## Problem requirements
Using the records that appear below, write out exactly the lines from the one with "师父团队和徒弟团队各自宣誓。一句句庄重的誓言,代表着对教育" through the one with "13일 경기도가 지난해", keeping both end lines.

Stored data:
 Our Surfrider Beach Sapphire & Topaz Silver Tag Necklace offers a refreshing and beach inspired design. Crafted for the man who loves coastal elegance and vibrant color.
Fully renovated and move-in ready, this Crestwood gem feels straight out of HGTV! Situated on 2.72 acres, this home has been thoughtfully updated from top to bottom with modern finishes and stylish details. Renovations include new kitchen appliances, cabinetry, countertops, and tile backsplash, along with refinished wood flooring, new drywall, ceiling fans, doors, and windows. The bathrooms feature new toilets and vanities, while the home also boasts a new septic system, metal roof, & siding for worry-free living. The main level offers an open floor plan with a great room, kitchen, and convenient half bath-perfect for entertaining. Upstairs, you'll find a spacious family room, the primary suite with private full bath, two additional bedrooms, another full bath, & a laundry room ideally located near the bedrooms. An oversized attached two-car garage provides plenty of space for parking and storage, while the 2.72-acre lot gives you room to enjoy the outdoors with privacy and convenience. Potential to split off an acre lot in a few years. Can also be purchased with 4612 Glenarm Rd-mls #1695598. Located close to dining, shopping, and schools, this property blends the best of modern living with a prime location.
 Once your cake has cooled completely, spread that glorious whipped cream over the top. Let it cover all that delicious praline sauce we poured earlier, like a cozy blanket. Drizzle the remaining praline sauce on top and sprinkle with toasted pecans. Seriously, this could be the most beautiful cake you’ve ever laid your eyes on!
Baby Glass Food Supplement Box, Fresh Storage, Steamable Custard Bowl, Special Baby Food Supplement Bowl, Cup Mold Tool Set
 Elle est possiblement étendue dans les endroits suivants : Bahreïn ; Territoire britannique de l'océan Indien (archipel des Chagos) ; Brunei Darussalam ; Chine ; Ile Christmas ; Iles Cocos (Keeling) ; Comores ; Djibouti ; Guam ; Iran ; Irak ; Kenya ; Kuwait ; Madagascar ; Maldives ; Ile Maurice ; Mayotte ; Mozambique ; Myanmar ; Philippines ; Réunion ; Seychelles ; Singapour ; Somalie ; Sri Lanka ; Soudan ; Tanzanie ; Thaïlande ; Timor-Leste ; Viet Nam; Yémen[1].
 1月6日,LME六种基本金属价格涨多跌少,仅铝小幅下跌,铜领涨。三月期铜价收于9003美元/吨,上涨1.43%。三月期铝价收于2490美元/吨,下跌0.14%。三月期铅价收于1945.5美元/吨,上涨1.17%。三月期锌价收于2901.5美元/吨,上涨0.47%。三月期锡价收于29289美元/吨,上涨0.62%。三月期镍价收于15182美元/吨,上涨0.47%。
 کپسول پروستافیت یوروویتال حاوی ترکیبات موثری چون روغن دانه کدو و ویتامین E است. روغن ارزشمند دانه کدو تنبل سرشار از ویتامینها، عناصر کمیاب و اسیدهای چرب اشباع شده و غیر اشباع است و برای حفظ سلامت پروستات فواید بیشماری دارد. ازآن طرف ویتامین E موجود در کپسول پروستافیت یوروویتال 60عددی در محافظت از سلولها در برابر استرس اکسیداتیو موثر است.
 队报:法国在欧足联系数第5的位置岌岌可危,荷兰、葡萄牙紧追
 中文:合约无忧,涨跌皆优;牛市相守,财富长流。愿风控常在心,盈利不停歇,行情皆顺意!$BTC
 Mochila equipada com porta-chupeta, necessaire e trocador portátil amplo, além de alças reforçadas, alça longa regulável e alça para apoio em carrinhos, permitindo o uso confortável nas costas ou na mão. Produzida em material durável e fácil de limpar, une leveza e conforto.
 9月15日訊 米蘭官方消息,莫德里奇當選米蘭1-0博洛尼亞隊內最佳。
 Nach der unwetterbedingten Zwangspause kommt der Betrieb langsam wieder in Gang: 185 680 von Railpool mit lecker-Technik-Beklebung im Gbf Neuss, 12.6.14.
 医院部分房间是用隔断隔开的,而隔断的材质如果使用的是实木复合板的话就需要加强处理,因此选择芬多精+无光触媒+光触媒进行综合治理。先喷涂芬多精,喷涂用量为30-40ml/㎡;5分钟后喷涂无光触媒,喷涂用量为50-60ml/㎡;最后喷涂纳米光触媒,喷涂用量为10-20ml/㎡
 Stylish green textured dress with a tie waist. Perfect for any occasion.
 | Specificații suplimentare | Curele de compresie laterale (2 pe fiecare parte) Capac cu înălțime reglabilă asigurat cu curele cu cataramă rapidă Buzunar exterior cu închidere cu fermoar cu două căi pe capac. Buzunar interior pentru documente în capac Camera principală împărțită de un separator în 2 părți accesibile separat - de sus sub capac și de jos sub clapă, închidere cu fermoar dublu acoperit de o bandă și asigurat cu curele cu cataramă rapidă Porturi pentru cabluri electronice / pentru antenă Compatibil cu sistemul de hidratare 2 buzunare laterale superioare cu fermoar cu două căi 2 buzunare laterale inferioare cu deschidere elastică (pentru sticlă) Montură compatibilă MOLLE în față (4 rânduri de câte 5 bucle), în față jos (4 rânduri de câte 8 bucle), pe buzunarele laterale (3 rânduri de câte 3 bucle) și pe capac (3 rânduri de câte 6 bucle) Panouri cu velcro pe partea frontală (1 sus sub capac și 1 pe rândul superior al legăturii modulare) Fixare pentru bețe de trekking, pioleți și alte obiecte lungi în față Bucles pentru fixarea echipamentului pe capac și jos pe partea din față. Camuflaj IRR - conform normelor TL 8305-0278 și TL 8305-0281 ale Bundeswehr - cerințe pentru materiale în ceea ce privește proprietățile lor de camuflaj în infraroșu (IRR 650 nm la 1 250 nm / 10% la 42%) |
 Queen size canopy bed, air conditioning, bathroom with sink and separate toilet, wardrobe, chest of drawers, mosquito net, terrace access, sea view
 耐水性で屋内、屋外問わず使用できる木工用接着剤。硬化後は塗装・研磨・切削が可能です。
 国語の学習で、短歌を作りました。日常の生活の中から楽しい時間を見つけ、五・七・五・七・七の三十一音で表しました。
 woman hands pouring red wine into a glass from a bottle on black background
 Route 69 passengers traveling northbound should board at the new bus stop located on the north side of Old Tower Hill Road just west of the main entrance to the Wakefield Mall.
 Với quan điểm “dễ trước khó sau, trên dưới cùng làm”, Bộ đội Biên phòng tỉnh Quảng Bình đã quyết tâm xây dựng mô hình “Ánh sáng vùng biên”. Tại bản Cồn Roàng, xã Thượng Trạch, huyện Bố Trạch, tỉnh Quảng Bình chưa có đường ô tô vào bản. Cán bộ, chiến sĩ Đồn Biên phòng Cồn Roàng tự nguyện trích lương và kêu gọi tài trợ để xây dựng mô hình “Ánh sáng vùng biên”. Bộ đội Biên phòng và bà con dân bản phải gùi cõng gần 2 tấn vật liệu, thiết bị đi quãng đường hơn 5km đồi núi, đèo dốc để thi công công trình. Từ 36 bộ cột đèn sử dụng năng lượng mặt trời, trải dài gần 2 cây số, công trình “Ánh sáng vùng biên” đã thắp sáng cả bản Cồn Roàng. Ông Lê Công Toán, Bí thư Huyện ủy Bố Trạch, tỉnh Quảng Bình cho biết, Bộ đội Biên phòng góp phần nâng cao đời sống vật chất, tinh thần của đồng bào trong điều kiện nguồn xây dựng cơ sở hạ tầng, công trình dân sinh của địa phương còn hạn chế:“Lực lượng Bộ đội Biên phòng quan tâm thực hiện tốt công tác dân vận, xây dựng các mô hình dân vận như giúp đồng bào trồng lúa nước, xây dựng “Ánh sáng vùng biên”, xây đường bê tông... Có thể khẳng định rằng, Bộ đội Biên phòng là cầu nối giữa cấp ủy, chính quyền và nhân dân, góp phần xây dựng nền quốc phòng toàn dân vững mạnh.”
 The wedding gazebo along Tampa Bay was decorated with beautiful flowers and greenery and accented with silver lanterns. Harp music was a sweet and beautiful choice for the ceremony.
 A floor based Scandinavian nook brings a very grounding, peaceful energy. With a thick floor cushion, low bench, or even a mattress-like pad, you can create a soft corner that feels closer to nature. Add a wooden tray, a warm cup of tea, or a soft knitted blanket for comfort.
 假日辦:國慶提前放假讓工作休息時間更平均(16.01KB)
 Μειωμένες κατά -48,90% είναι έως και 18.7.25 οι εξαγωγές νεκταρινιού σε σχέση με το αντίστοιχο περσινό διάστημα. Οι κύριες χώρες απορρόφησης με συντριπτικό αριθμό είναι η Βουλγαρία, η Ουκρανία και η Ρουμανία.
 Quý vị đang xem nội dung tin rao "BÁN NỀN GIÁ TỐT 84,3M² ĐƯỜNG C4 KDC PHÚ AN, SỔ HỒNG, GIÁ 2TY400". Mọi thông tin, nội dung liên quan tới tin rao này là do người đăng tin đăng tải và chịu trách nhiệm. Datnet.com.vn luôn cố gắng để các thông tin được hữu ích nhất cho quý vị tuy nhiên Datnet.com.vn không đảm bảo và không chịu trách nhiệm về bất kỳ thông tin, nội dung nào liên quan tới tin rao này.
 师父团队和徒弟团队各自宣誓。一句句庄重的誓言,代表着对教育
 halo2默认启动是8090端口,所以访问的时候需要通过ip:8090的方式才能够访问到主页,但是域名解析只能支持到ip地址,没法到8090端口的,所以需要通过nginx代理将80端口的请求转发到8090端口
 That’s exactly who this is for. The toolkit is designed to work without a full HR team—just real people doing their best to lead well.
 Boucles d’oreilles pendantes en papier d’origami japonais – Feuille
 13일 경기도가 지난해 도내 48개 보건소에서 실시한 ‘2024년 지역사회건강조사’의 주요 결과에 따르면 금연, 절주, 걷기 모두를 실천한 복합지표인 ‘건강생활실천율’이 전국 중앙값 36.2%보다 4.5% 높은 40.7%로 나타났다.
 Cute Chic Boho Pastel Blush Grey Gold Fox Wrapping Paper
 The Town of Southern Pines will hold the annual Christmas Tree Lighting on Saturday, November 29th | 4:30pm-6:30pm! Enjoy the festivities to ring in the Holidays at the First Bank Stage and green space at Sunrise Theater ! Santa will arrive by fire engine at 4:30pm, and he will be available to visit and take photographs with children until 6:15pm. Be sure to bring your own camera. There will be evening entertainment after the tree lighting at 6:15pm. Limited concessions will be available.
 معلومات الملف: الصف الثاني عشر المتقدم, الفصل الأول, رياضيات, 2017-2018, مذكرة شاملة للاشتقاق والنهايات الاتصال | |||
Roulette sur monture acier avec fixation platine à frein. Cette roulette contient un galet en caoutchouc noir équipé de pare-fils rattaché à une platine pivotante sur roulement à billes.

## Response to this task
 师父团队和徒弟团队各自宣誓。一句句庄重的誓言,代表着对教育
 halo2默认启动是8090端口,所以访问的时候需要通过ip:8090的方式才能够访问到主页,但是域名解析只能支持到ip地址,没法到8090端口的,所以需要通过nginx代理将80端口的请求转发到8090端口
 That’s exactly who this is for. The toolkit is designed to work without a full HR team—just real people doing their best to lead well.
 Boucles d’oreilles pendantes en papier d’origami japonais – Feuille
 13일 경기도가 지난해 도내 48개 보건소에서 실시한 ‘2024년 지역사회건강조사’의 주요 결과에 따르면 금연, 절주, 걷기 모두를 실천한 복합지표인 ‘건강생활실천율’이 전국 중앙값 36.2%보다 4.5% 높은 40.7%로 나타났다.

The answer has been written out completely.